#### Problem details
Without pictures, repeat exactly the lines from the one containing "Quelles sont les" through the end of the entries.

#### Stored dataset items
☆ ☆ ☆ ☆ ☆

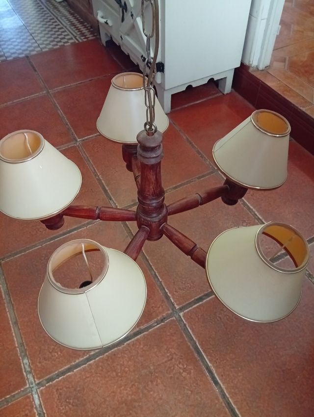 Detalles del productoDos elegante lámpara de techo con estructura de madera y seis tulipas.
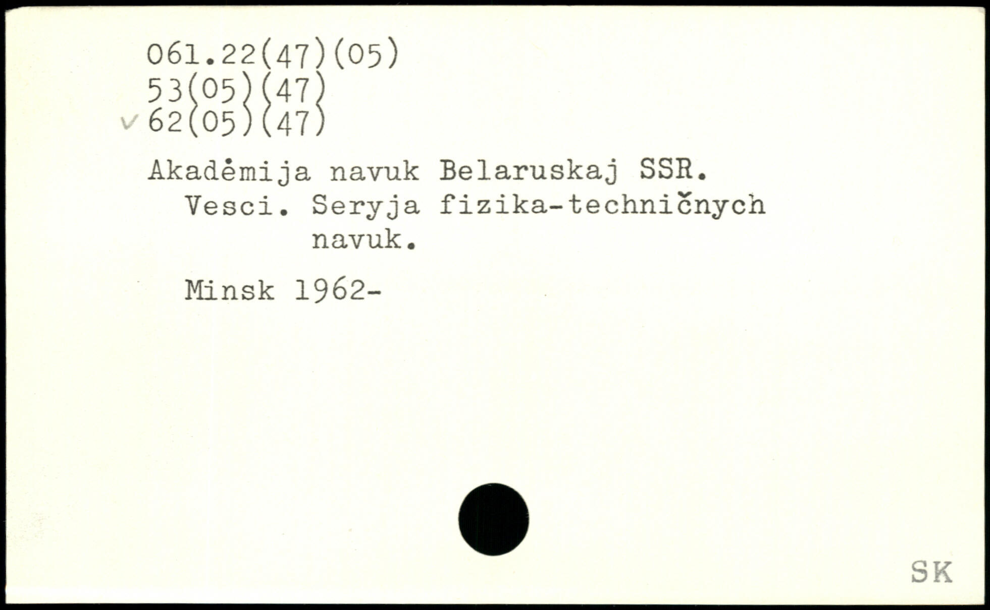 Akadémija navuk Belaruskaj SSR. Vesci. Seryja fizika-technicnych navuk. Minsk 1962-
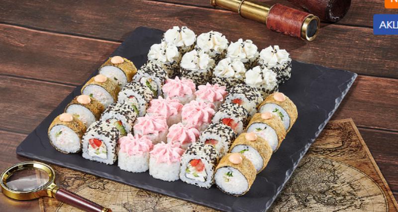 Состав: Ролл Кракатау фреш (8 шт), ролл Эрта Але (8 шт), ролл Калифорнийский фреш (8 шт), ролл Карибы (8 шт) *Не забудьте заказать имбирь, васаби и соевый соус. Они не входят в стоимость заказа.
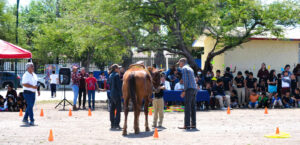 Cd. Victoria, Tamaulipas.- Dentro del marco del mes de la Educación Especial, en los patios de la escuela primaria Ignacio Ramírez Hernández, del ejido Guadalupe Victoria, este martes por la mañana se llevó a efecto interesante Exhibición de Equinoterapia a cargo del experto profesor Marco Antonio Mendoza Medina, apoyado por su esposa Marcela Colchado Ramos e Itzayara López Luna
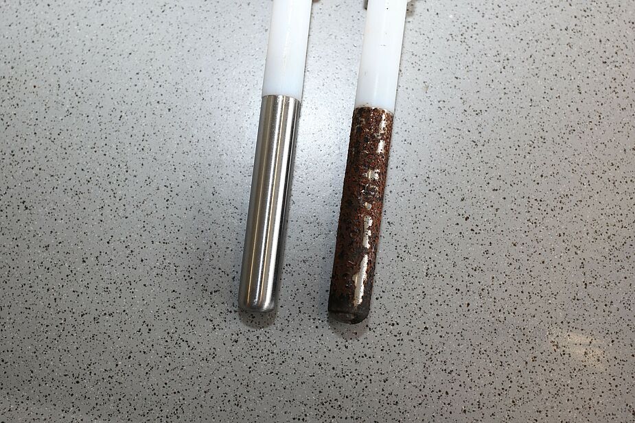 Quelles sont les causes de la corrosion ? Elle est due à l’eau présente dans le carburant. La corrosion peut soit être liée à l’eau de condensation, qui retombe sur les parois intérieures du réservoir, soit à du carburant contaminé ou à une distraction lors du plein. Des tests effectués en laboratoire permettent de démontrer la vitesse à laquelle la rouille peut se propager. Une tige métallique est plongée dans un verre d’échantillon de carburant auquel 10 pour cent d’eau sont ajoutés. Ce verre est ensuite placé dans un four à une température de 60 degrés. Après 24 heures seulement, la tige métallique est déjà recouverte de rouille.
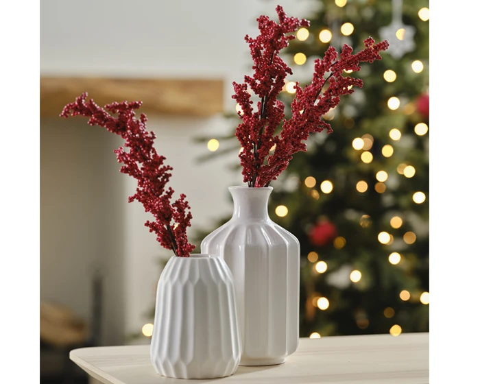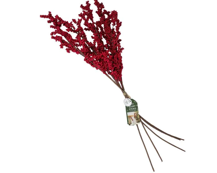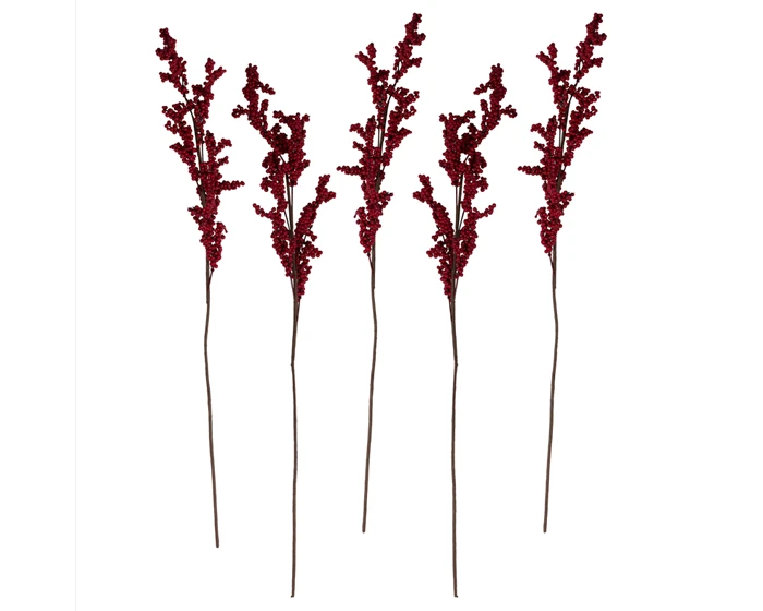 Deze prachtige kerstdecoratie met rode bessen zijn perfect om je kersttafel mee te stylen. Elke verpakking bevat 5 kunststengels van kerstbladeren van 75 cm (H).
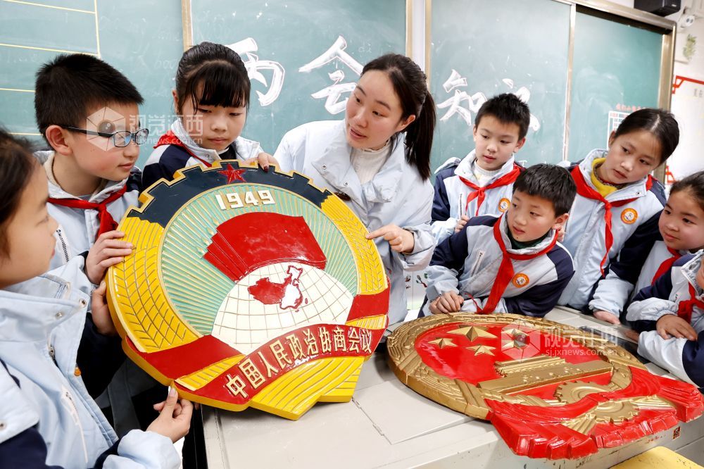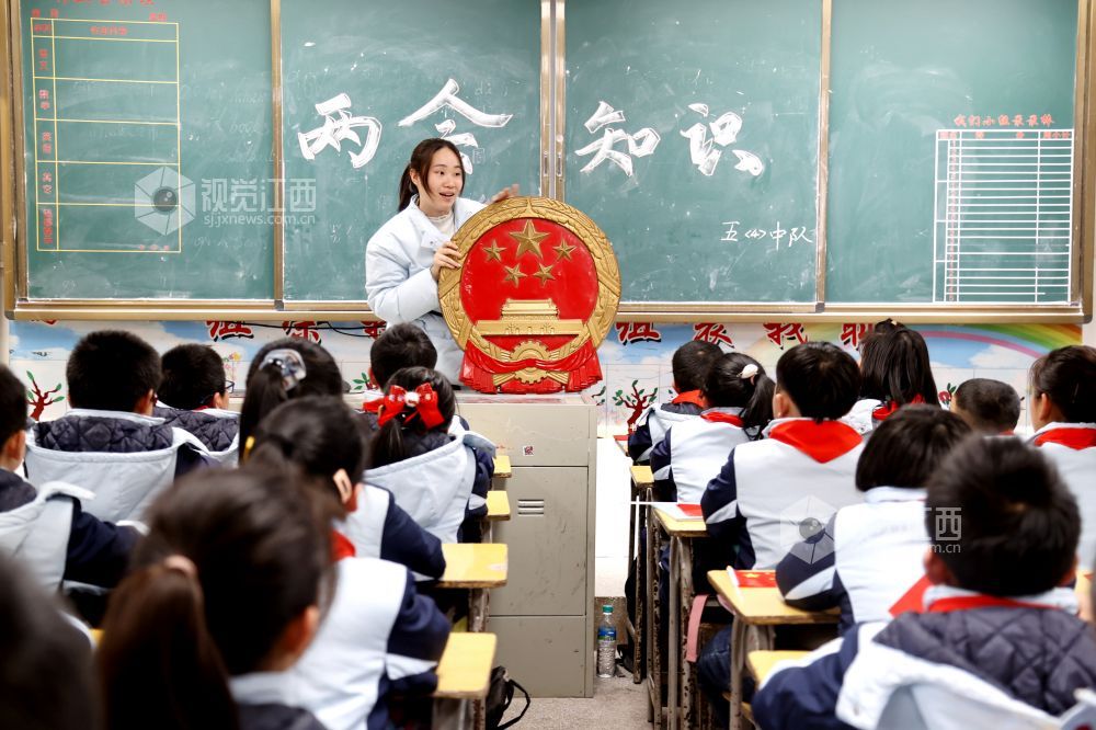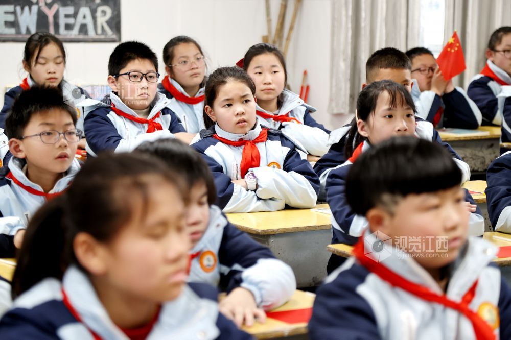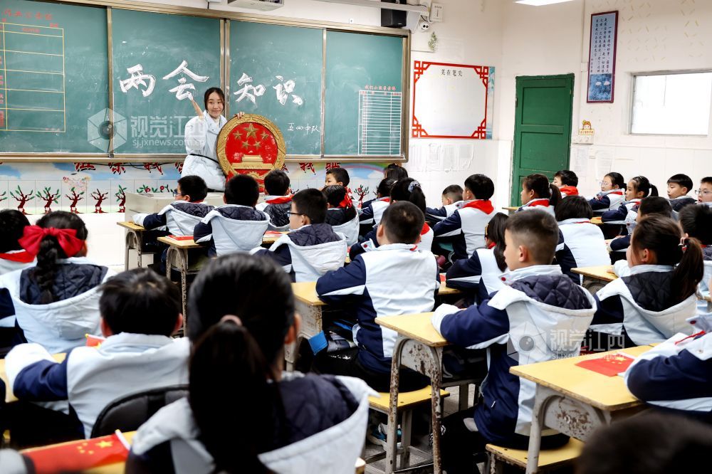 3月1日,在江西省峡江县第一实验小学,学生在课堂上学习有关两会的知识。

☆ ☆ ☆ ☆ ☆

#### Answer box
 Quelles sont les causes de la corrosion ? Elle est due à l’eau présente dans le carburant. La corrosion peut soit être liée à l’eau de condensation, qui retombe sur les parois intérieures du réservoir, soit à du carburant contaminé ou à une distraction lors du plein. Des tests effectués en laboratoire permettent de démontrer la vitesse à laquelle la rouille peut se propager. Une tige métallique est plongée dans un verre d’échantillon de carburant auquel 10 pour cent d’eau sont ajoutés. Ce verre est ensuite placé dans un four à une température de 60 degrés. Après 24 heures seulement, la tige métallique est déjà recouverte de rouille.
 Deze prachtige kerstdecoratie met rode bessen zijn perfect om je kersttafel mee te stylen. Elke verpakking bevat 5 kunststengels van kerstbladeren van 75 cm (H).
 3月1日,在江西省峡江县第一实验小学,学生在课堂上学习有关两会的知识。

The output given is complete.